Who is this trusted person in your life? It may be a romantic partner you chose to spend your life with, a business colleague who helps bring out the best in you or a best friend who always makes you see things clearer and achieve the best result across the board. The lesson and experience is different for all of us.

Richard Eyre is a bestselling author and tennis champion who has discovered a fascinating correlation between the game of tennis and the game of life. He believes his key principles will help you enjoy both games more and play both games better.

Games are made up of structured but unpredictable situations, with rules and variables and competition, and they produce wins and losses. This description fits life at least as well as it fits tennis. Even the terminology of tennis matches many of the most pivotal and defining words of life: love, faults, serve, receive, winners, challenges, holds. Read his insights here:

In tennis
Singles, they say, is a game of power, while doubles is a game of angles. There is so much more to the court than we usually use. If you diagram the ball paths in a typical match, it is amazing how the majority of shots are within a few degrees of the straight length of the court.
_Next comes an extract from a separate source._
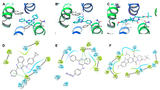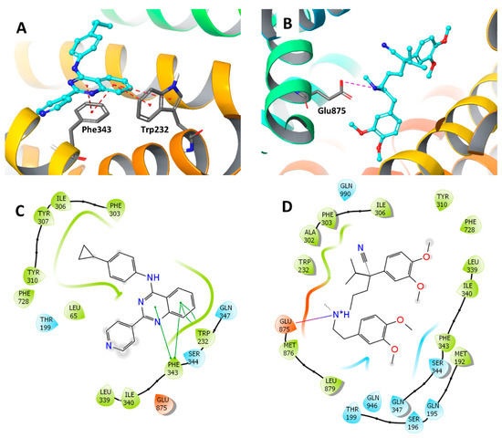 The Glide docking scores of 22, 33, and Ko143 binding with BCRP (PDB 6FFC) are −11.123, −10.403 and −12.017 kcal/mol, respectively (Figure 11). The quinazoline ring and the pyridine ring of 22 interacted with the Phe439 of the BCRP model through π-π interactions. The amino group of 22 formed a hydrogen bond with the carbonyl group in the side chain of Asn436 (Figure 11A,D). The quinazoline ring of 33 interacted with the Phe439 of the BCRP model through π-π interactions (Figure 11B,E). The nitrogen in the pyridine ring of 33 formed a hydrogen bond with the amino group in the side chain of Asn436. The amino group of Ko143 interacted with the carbonyl group in the side chain of Asn436 through a hydrogen bond. The carbonyl group of Ko143 formed a hydrogen bond with the hydroxyl group of Thr542. (Figure 11C,F). Compounds 22 and 33 were stabilized into a pocket formed by residues Phe432, Thr435, Thr542, Val546, and Met549 of BCRP. The Glide docking scores of 22 and verapamil binding with P-gp (PDB 7A6E) [23] were −8.288 and −7.774 kcal/mol, respectively (Figure 12). The quinazoline ring of 22 interacted with Phe343 and Trp232 of the P-gp model through π-π interactions. The tertiary amine of verapamil can become a cation in cancers due to the acidic tumor microenvironment [29] and form a salt bridge with the side chain of Glu875 in P-gp.

Most shots, particularly on shallow balls hit from inside the baseline, could be angled by another thirty or forty degrees and still land “in.” I used to play singles with a friend who had been a nationally ranked doubles player and who could also be a bit of a trash talker. “Let me introduce you to some parts of the court you haven’t met,” he would say. And he often did—not only on sharply angled volleys but also with shots from the baseline that landed both shallower and closer to the sideline than I was used to. I felt like I was on a string, jerked back and forth and playing half of the match racing to hit balls that were so sharply angled that I had to run out of the court to get them.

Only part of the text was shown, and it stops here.